The SF Giants are at a crossroads. A little over a week after the All-Star break, they sit at an even
.500 and almost 20 games back of rival Los Angeles in the National League West standings.
Coming off a franchise-record 107-win 2021 in which they outlasted the Dodgers by one game for the division title, this performance certainly wasn't the expectation. Sure, some regression from all of their over-the-hill stars was expected, but Buster Posey's retirement and repeated Injured List stints for Brandon Crawford, Brandon Belt and Evan Longoria weren't when the previous season ended.
Much has been made of the possibilities for the Giants at the trade deadline, set for Tuesday at 6 p.m. Eastern. Do they try to trade away important pieces that will bring back good prospects and build for the next few years? Send some role-player help to another contender and ask for anything that will help the big league defense right now? Or go all-in for a big name, as in the latest rumors, to see if that will boost the rest of the team? in the hopes that the core will be healthy and productive come playoff time?
Certainly, before finishing off a series win over the Chicago Cubs on Sunday to get back to .500, many assumed the Giants would sell off players such as LHP Carlos Rodon and OF Joc Pederson, who have had outstanding years and could be enticing rentals for other teams more likely to make the playoffs and contend for the World Series.

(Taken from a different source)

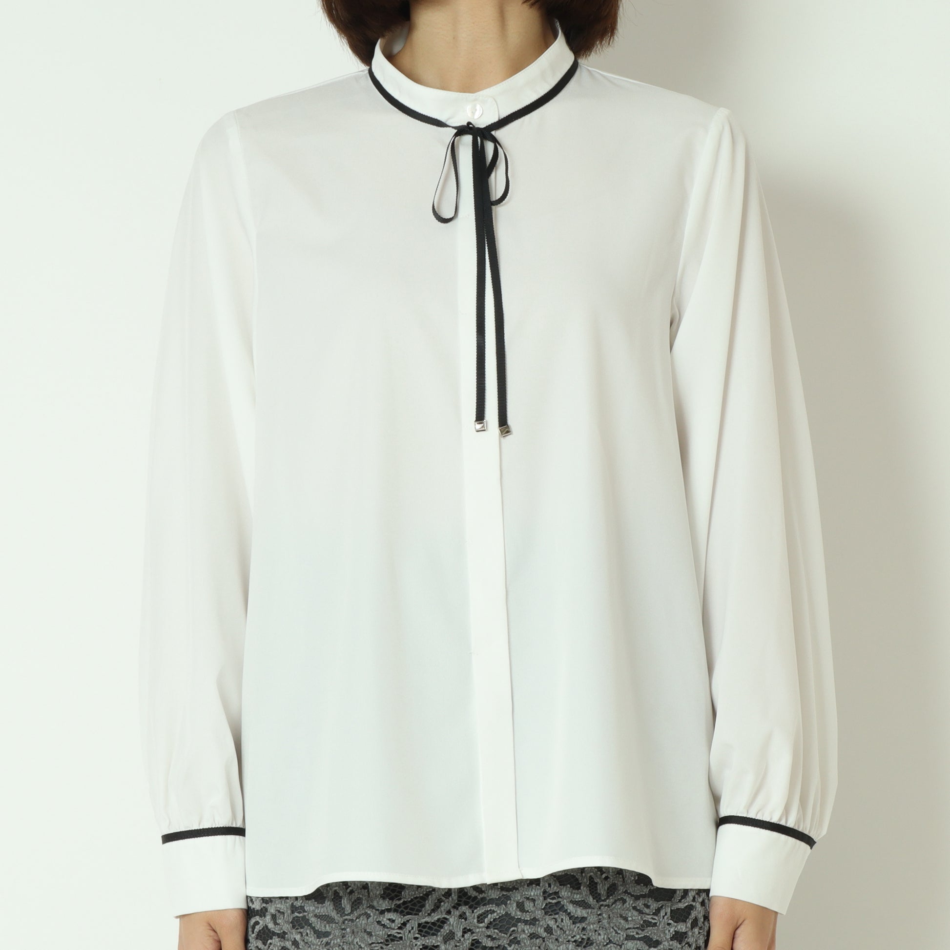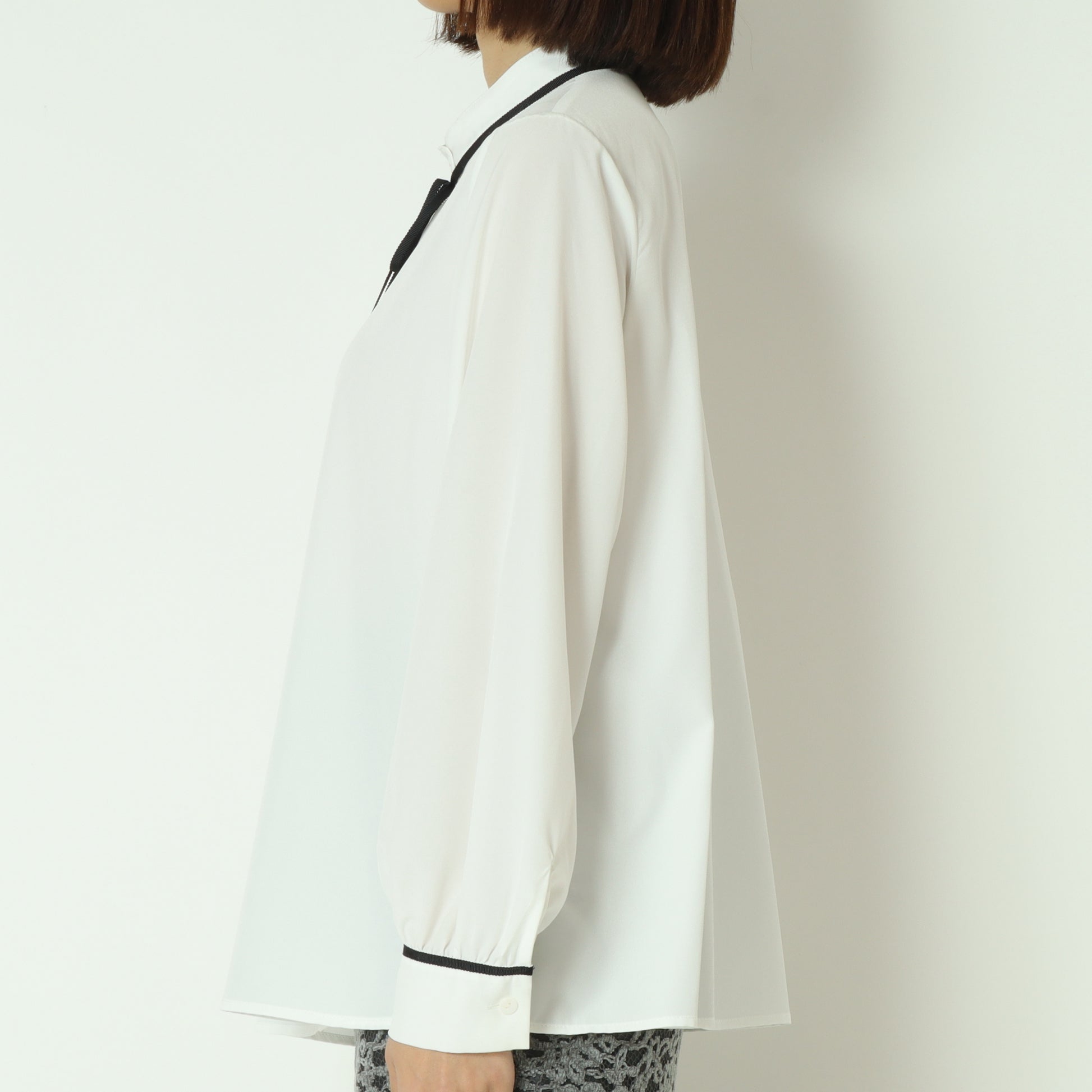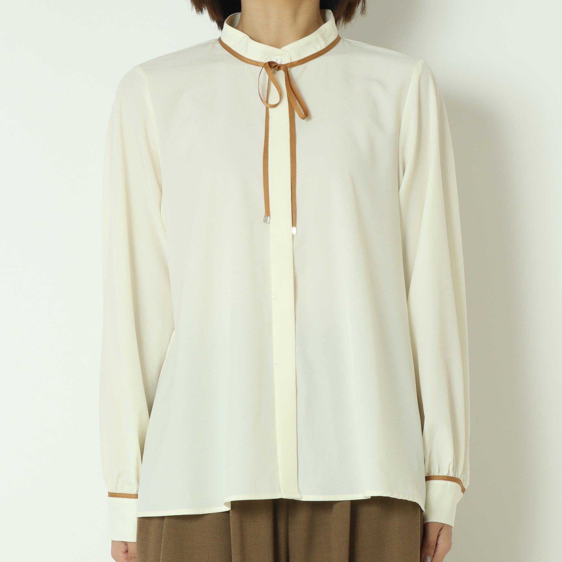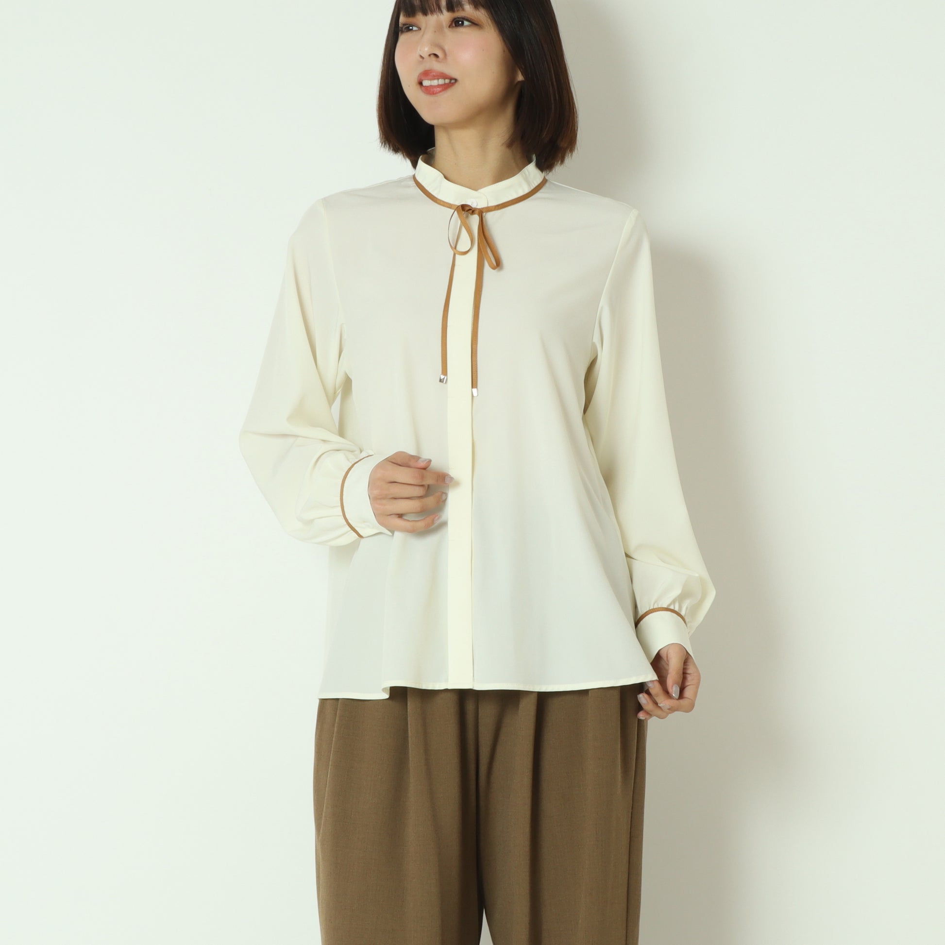 アクセントカラーのパイピングとリボンタイが上品で可愛らしいブラウス。
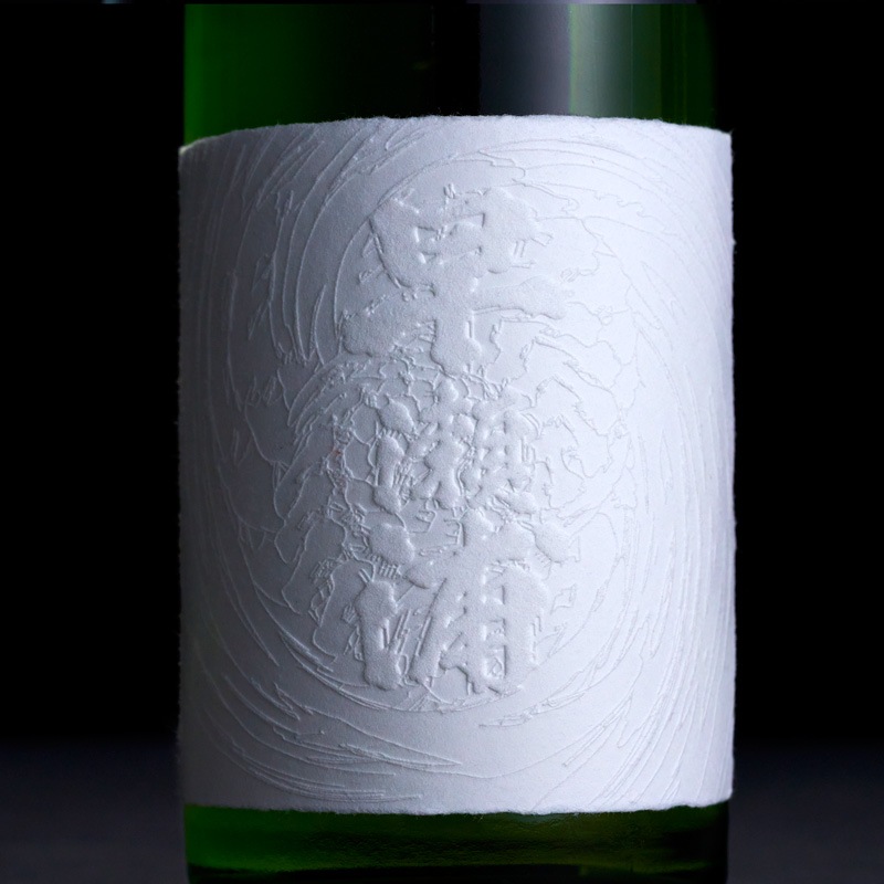 純白の越前和紙に、ブランドの髭文字を凸凹で表現した特殊なラベルを使用しています。

But what if Farhan Zaidi and co. hold on, bolster their roster here and there and assume that the core will be healthy and productive come playoff time? Is there a path to realistic World Series contention from a .500 record at the end of July?
Some recent champions were in the same position
A glance at the trophy cases of some recent teams with similar quandaries tells us that YES, a championship is possible.
Take a look at this Tweet from ESPN baseball reporter Buster Olney:
The 2021 Atlanta Braves were under-.500 on July 31. They finished 88-73, good enough for the NL East title and a playoff spot, which was all they needed to catch fire and beat the Milwaukee Brewers, Dodgers and Houston Astros for their first World Series title since 1995.
In a similar vein, the 2019 Washington Nationals were just a few games above treading water and a handful out of first in the East, and they finished strong at 93-69 to earn a Wild Card spot before taking out the Brewers, Dodgers, St. Louis Cardinals and Astros for their first Commissioner's Trophy in franchise history.
Take out the 17.5-game deficit the Giants currently face in the West division (which has the potential to change by multiple games one way or the other as the Giants host the Dodgers for a four-game series this week) and just pay attention to the four games they need to make up for a Wild Card spot.
With a lot of their expected starters spending time on the IL and not performing well when "healthy", they definitely haven't reached their potential. A Giants team intact or with another small asset or two can be expected to play well down the stretch.
Once you make the playoffs, anything can happen. Maybe it will be best to give this team that opportunity after how they played all of last year.